There exists a grave misconception at present that the Aristotelian conception of logic (which we can call binary logic) is the only type of logic. Binary logic rests on an objective conception of reality and explicitly excludes the mind. For instance, when a mind produces thought, the thought is both a part of the mind and separate from it. After producing the though, the mind doesn't become ignorant. Nor is the mind ignorant when the idea isn't being thought. If we extend this problem to a conception of the body consistent with the existence of the mind, then we have to revise binary logic into non-binary logics in which two things can be both distinct and yet inseparable. Alternative logics have been previously developed by Buddhists (who created a four-valued logic) and Jains (who created a seven-valued logic). The universalism of binary logic is not just a myth but also problematic in conceptualizing non-object realities.
All over Vedic philosophy, the term “non-difference” is employed to describe reality. In Vedānta, this idea is called abheda (non-different). In Smriti, the same idea is called advaya (non-dual).
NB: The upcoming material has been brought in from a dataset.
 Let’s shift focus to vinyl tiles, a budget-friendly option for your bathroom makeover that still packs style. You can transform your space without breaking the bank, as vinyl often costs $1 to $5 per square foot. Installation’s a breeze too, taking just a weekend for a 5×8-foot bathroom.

In Sāñkhya, the same concept is described by the term avyatireka (non-exclusive). And there are other similar terms for it.
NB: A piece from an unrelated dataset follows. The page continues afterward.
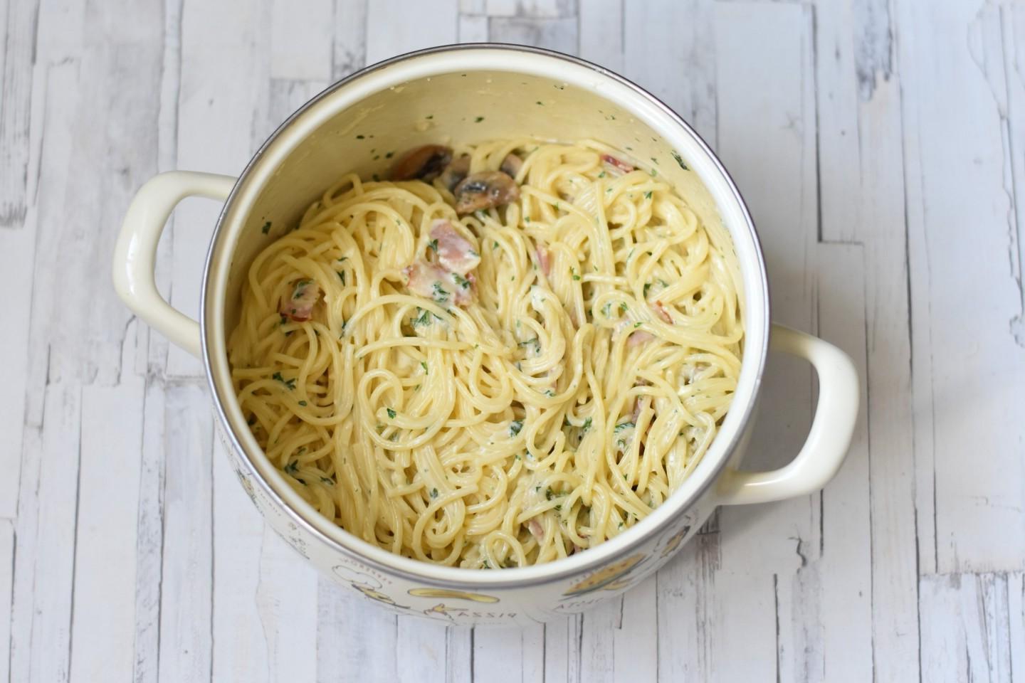 Creamy Mushroom Bacon Carbonara

This conception of reality is quite distinct from the manner in which modern Western logic conceives reality as either identical or different. In this logic, two things are either separate or united; they cannot be non-separated. Finally, you must either choose between one thing or the other; you cannot be non-exclusive.
These principles of modern logic govern everything else, including mathematics, numbers, equations, conceptual thinking, and all theory formation. We also know that this logical system of reasoning leads to mathematical incompleteness, which then leads to scientific incompleteness, as Gödel’s theorems demonstrate.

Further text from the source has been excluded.